Exercise requirements
The entries must be set down again word for word; no pictures belong in the copy.

Source information
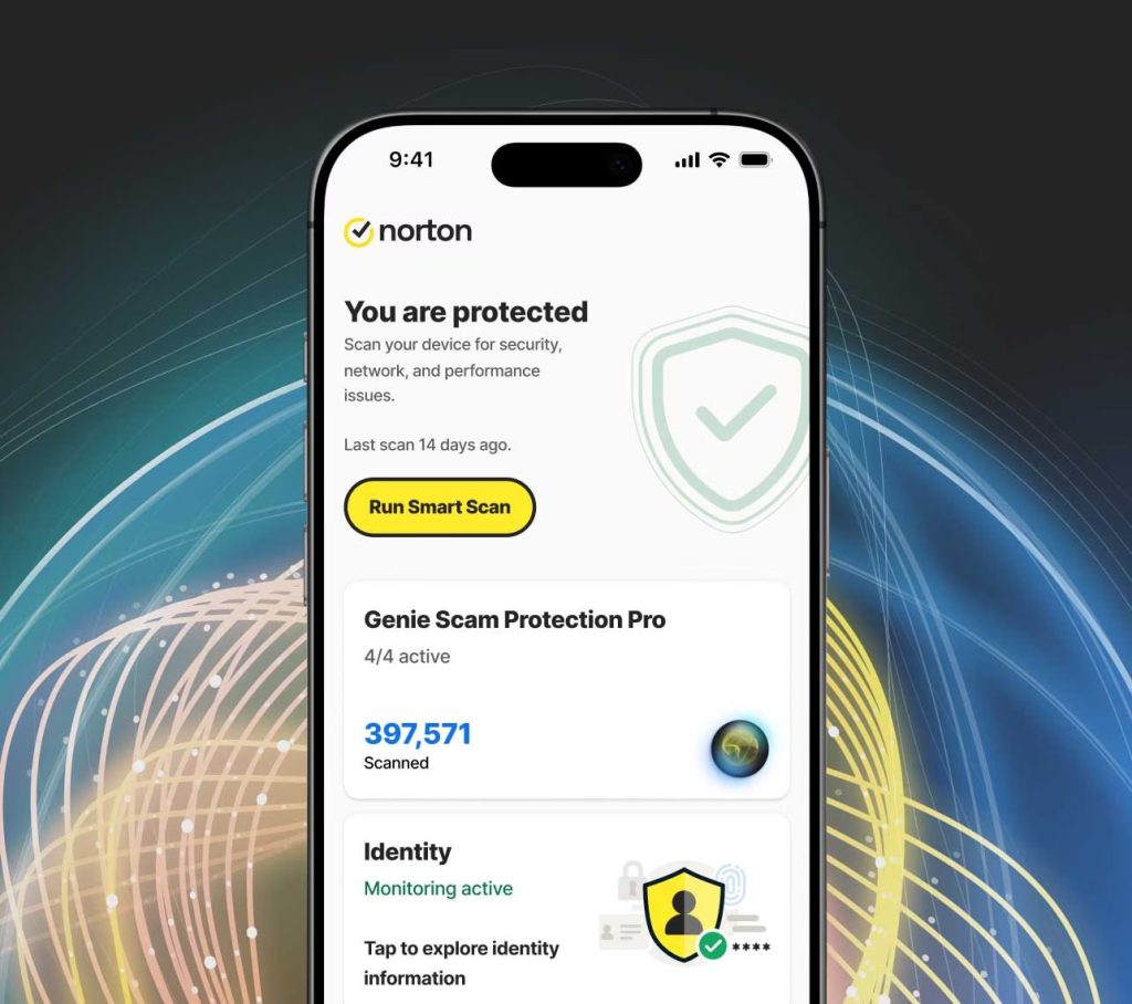 Genie’s AI engine scans SMS messages for sophisticated scams so you can check your texts with peace of mind, device security blocks hackers, and Norton VPN helps keep your online activity private.
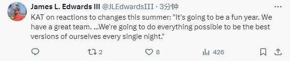 唐斯先是对7月份的一则报道予以否认,称自己在今年夏天并未对手指或膝盖进行过治疗(或手术)。在谈到新赛季时,唐斯说道:“新赛季会很有趣。我们拥有一支很棒的球队,我们会拼尽全力,在每一个夜晚都成为最好的自己。”
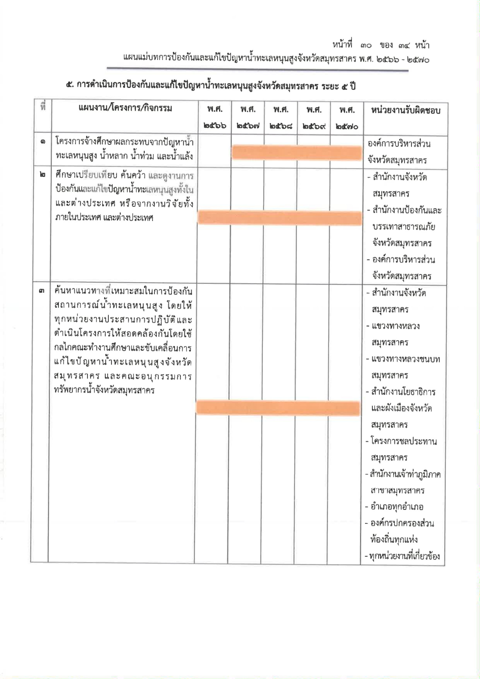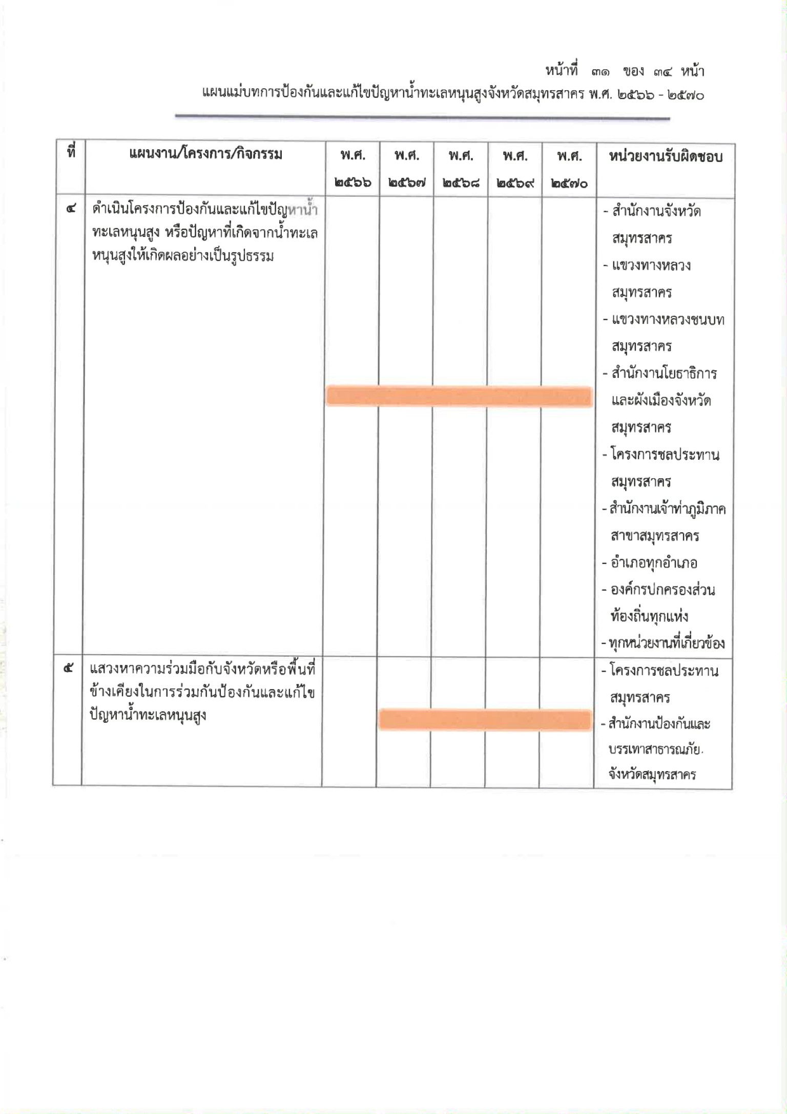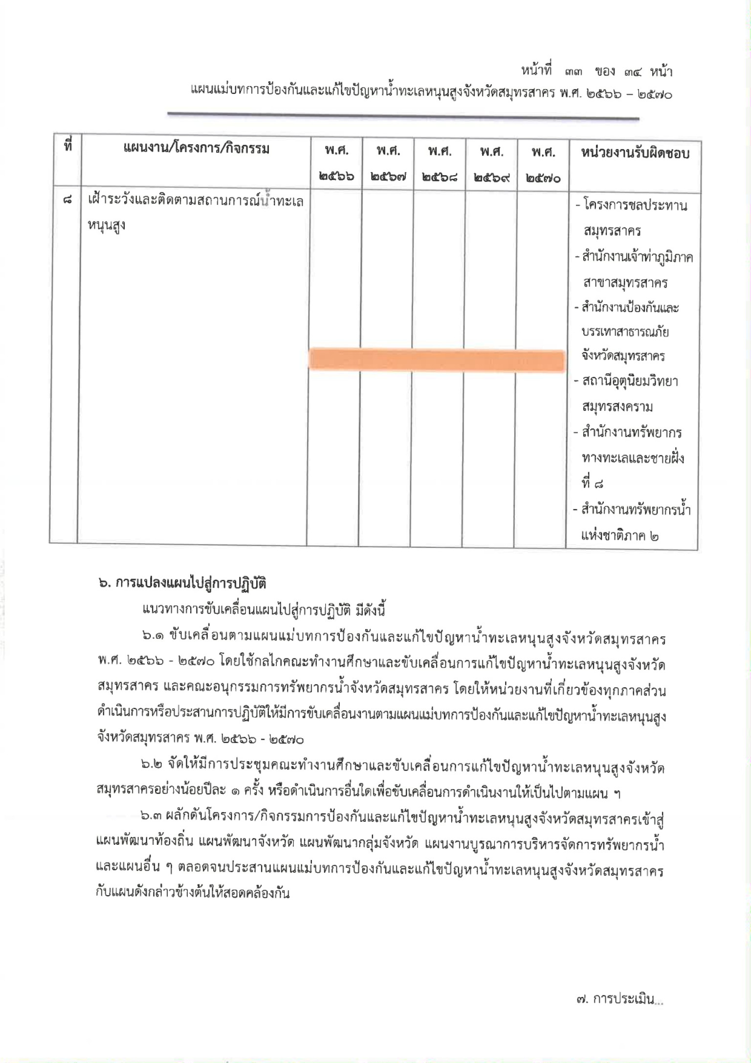 ขับเคลื่อนการแก้ไขปัญหาน้ำทะเลหนุนสูงของจังหวัดฯ ซึ่งปรากฏว่า ขณะนี้ได้มีการแต่งตั้งขึ้นไว้ก่อนหน้านี้แล้ว โดยสำหรับเนื้อหาหลักของแผนงานจะมีการศึกษาผลกระทบจากปัญหาน้ำทะเลหนุนสูง รวมทั้งเมื่อเกิดน้ำหลาก น้ำท่วม และน้ำแล้งด้วย ประกอบกับการแสวงหาแนวทางในการป้องกันแก้ไขปัญหาดังกล่าวให้มีหน่วยงานที่เกี่ยวข้องนำไปใช้ปฏิบัติ นอกจากนี้และแสวงความร่วมมือกับจังหวัดอื่นๆ และพื้นที่ใกล้เคียงสมุทรสาคร เพื่อการร่วมกันแก้ไขปัญหาหรือสาธารณภัย อันเป็นสาเหตุมาจากน้ำทะเลหนุนสูง รวมถึงสภาวะการรุกล้ำของน้ำเค็มเข้าไปที่น้ำจืดที่ใช้การเกษตรในจังหวัดสมุทรสาคร
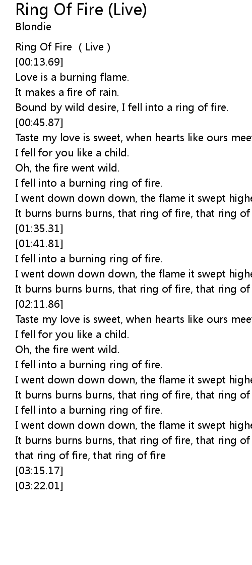 | [03:02.17] | It burns burns burns, that ring of fire, that ring of fire |
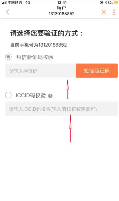 4、输入手机卡后边的19位数字或者直接通过手机验证码

Result
 Genie’s AI engine scans SMS messages for sophisticated scams so you can check your texts with peace of mind, device security blocks hackers, and Norton VPN helps keep your online activity private.
 唐斯先是对7月份的一则报道予以否认,称自己在今年夏天并未对手指或膝盖进行过治疗(或手术)。在谈到新赛季时,唐斯说道:“新赛季会很有趣。我们拥有一支很棒的球队,我们会拼尽全力,在每一个夜晚都成为最好的自己。”
 ขับเคลื่อนการแก้ไขปัญหาน้ำทะเลหนุนสูงของจังหวัดฯ ซึ่งปรากฏว่า ขณะนี้ได้มีการแต่งตั้งขึ้นไว้ก่อนหน้านี้แล้ว โดยสำหรับเนื้อหาหลักของแผนงานจะมีการศึกษาผลกระทบจากปัญหาน้ำทะเลหนุนสูง รวมทั้งเมื่อเกิดน้ำหลาก น้ำท่วม และน้ำแล้งด้วย ประกอบกับการแสวงหาแนวทางในการป้องกันแก้ไขปัญหาดังกล่าวให้มีหน่วยงานที่เกี่ยวข้องนำไปใช้ปฏิบัติ นอกจากนี้และแสวงความร่วมมือกับจังหวัดอื่นๆ และพื้นที่ใกล้เคียงสมุทรสาคร เพื่อการร่วมกันแก้ไขปัญหาหรือสาธารณภัย อันเป็นสาเหตุมาจากน้ำทะเลหนุนสูง รวมถึงสภาวะการรุกล้ำของน้ำเค็มเข้าไปที่น้ำจืดที่ใช้การเกษตรในจังหวัดสมุทรสาคร
 | [03:02.17] | It burns burns burns, that ring of fire, that ring of fire |
 4、输入手机卡后边的19位数字或者直接通过手机验证码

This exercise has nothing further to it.